New Zealand Tax Rates 2024
Tax rates · Oceania · Overall burden: moderate
Income tax 39.00% + employee social security 0.00% = 39% max. Estimated effective rate at average income: ~16.1%.
Income tax rate trend in New Zealand (2022–2026)
Tax comparison — Oceania countries (2024)
| Country | Income Tax | Corporate | VAT | Cap. Gains | vs New Zealand |
|---|---|---|---|---|---|
| New Zealand | 10.50–39.00% | 28.00% | 15.00% | 0.00% | — |
| Australia | 45.00% | 30.00% | 10.00% | 23.50% | +6pp |
Frequently asked questions — New Zealand taxes
What is the income tax rate in New Zealand in 2024?
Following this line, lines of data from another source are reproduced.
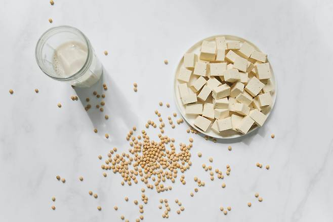 두부는 콩으로 만드는데, 콩에는 이소플라본이라는 단백질이 들어있다고 해요. 이소플라본은 여성 호르몬인 에스트로겐과 비슷한 역할을 합니다.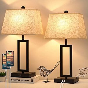 Set of 2 Touch Control Table Lamps, 3-Way Dimmable Bedside Nightstand Lamps with USB Port, Farmhouse Lamps for Bedrooms Living Room Reading End Table with Night Light Miner Lantern, Led Bulbs Included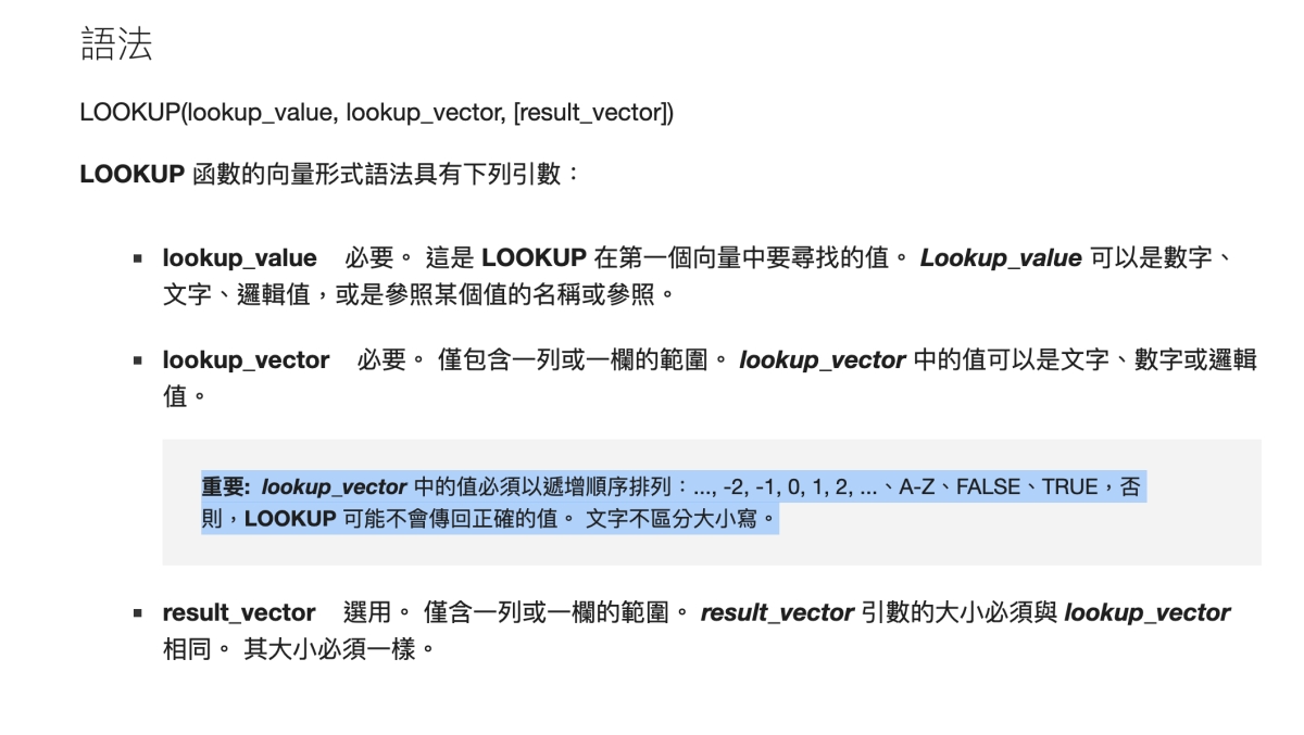 Excel 教學 - LOOKUP 函數注意事項

Income tax in New Zealand ranges from 10.50% to 39.00% in 2024. The 10.50% rate applies to low earners, while the top marginal rate of 39.00% applies to the highest income bracket. The estimated effective rate at average income is approximately 16.1%.
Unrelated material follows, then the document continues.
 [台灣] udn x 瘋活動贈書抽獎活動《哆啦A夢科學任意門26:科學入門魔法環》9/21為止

What is the corporate tax rate in New Zealand?
The standard corporate income tax rate in New Zealand is 28.00% as of 2024. This is above the global average corporate tax rate.
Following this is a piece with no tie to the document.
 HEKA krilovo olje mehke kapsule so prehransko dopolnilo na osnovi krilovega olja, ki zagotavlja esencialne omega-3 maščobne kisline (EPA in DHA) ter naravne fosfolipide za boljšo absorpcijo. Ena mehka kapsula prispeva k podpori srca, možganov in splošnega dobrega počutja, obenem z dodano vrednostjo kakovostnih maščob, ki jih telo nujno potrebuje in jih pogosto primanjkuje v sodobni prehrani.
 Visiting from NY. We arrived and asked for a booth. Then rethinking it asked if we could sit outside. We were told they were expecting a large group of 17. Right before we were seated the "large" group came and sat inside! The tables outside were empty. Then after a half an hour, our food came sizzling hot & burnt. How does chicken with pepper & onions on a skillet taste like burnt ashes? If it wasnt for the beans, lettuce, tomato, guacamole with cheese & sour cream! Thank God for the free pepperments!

What is the VAT rate in New Zealand?
The standard VAT (Value Added Tax / GST) rate in New Zealand is 15.00%. Reduced rates typically apply to food, medicine, and other essential goods..
What is the capital gains tax in New Zealand?
Capital gains tax in New Zealand is not levied as a separate tax (gains may be taxed as ordinary income) in 2024.
How much is social security in New Zealand?
In New Zealand, employees contribute 0.00% of their gross salary to social security, though individual contributions may exist through other schemes. Employers contribute an additional 0.00%. These contributions typically cover pensions, healthcare, and unemployment insurance.
Is there an inheritance tax in New Zealand?
New Zealand does not currently levy a national inheritance or estate tax. Assets passed to heirs are generally not subject to a separate succession duty.
Is New Zealand a high-tax country?
New Zealand has a moderate overall tax burden. The maximum combined income tax and employee social security rate reaches 39%.
How does New Zealand's tax compare to other Oceania countries?
The top income tax rate in New Zealand is 39.00%, compared to a Oceania average of 45% among neighbouring countries. New Zealand taxes income at a lower rate than the regional average.
What is the effective tax rate in New Zealand?
The effective tax rate is the actual percentage of income paid in tax — lower than the top marginal rate because lower brackets are taxed at lower rates. In New Zealand, the estimated effective income tax rate for an average earner is approximately 16.1% (2024), compared to the headline top rate of 39.00%. Adding employee social security of 0.00% gives a total effective burden of roughly 16.1% on gross pay.
What are the income tax brackets in New Zealand?
New Zealand uses a progressive income tax system with rates ranging from 10.50% at the lowest bracket to 39.00% at the top bracket (2024). Each band is taxed at its own rate; you only pay the higher rate on the portion of income that falls into that bracket. The number and thresholds of brackets vary by country and are typically adjusted annually for inflation.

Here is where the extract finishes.